→ About this exercise: Further down are entries; set down exactly and only the lines from the one with "Auf dem Foto" up to and including the one with "Yüksek Türk! Senin", dropping each picture.

→ Provided records:

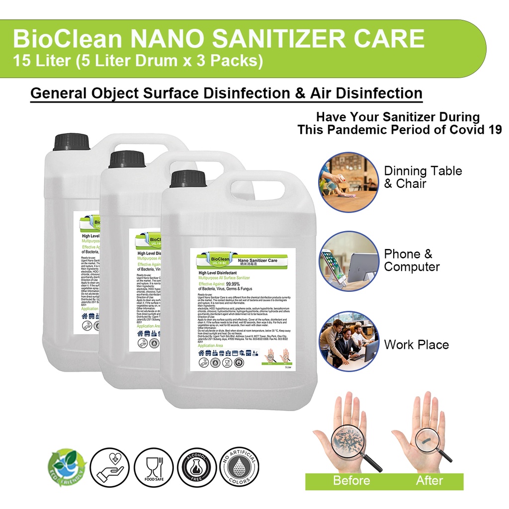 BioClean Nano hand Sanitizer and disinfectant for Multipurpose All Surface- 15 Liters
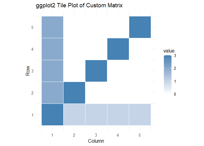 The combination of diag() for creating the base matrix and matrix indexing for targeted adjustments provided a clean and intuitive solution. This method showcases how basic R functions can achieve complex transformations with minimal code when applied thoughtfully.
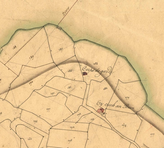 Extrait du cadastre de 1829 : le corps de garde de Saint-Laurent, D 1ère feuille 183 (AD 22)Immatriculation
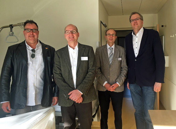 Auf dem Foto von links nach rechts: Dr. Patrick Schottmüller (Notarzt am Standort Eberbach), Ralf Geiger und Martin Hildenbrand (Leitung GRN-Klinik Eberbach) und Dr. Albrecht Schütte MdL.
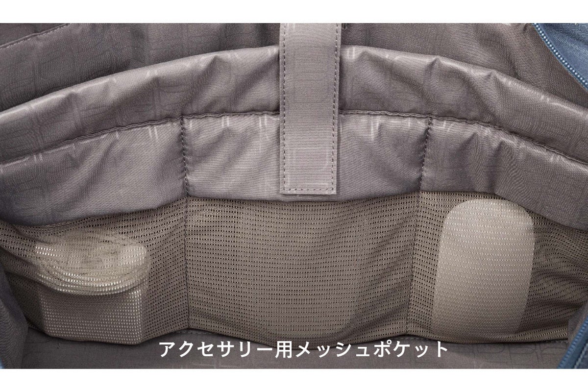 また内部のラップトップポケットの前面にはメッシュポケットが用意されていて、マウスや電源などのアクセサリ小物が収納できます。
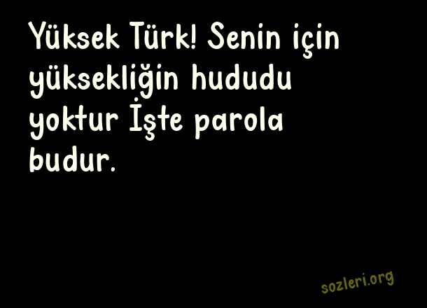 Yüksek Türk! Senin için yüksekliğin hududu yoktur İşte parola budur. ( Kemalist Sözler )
---
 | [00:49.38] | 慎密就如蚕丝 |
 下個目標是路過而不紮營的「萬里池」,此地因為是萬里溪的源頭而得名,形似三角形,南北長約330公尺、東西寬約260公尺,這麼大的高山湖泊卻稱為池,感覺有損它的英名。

→ Solution to this problem:
 Auf dem Foto von links nach rechts: Dr. Patrick Schottmüller (Notarzt am Standort Eberbach), Ralf Geiger und Martin Hildenbrand (Leitung GRN-Klinik Eberbach) und Dr. Albrecht Schütte MdL.
 また内部のラップトップポケットの前面にはメッシュポケットが用意されていて、マウスや電源などのアクセサリ小物が収納できます。
 Yüksek Türk! Senin için yüksekliğin hududu yoktur İşte parola budur. ( Kemalist Sözler )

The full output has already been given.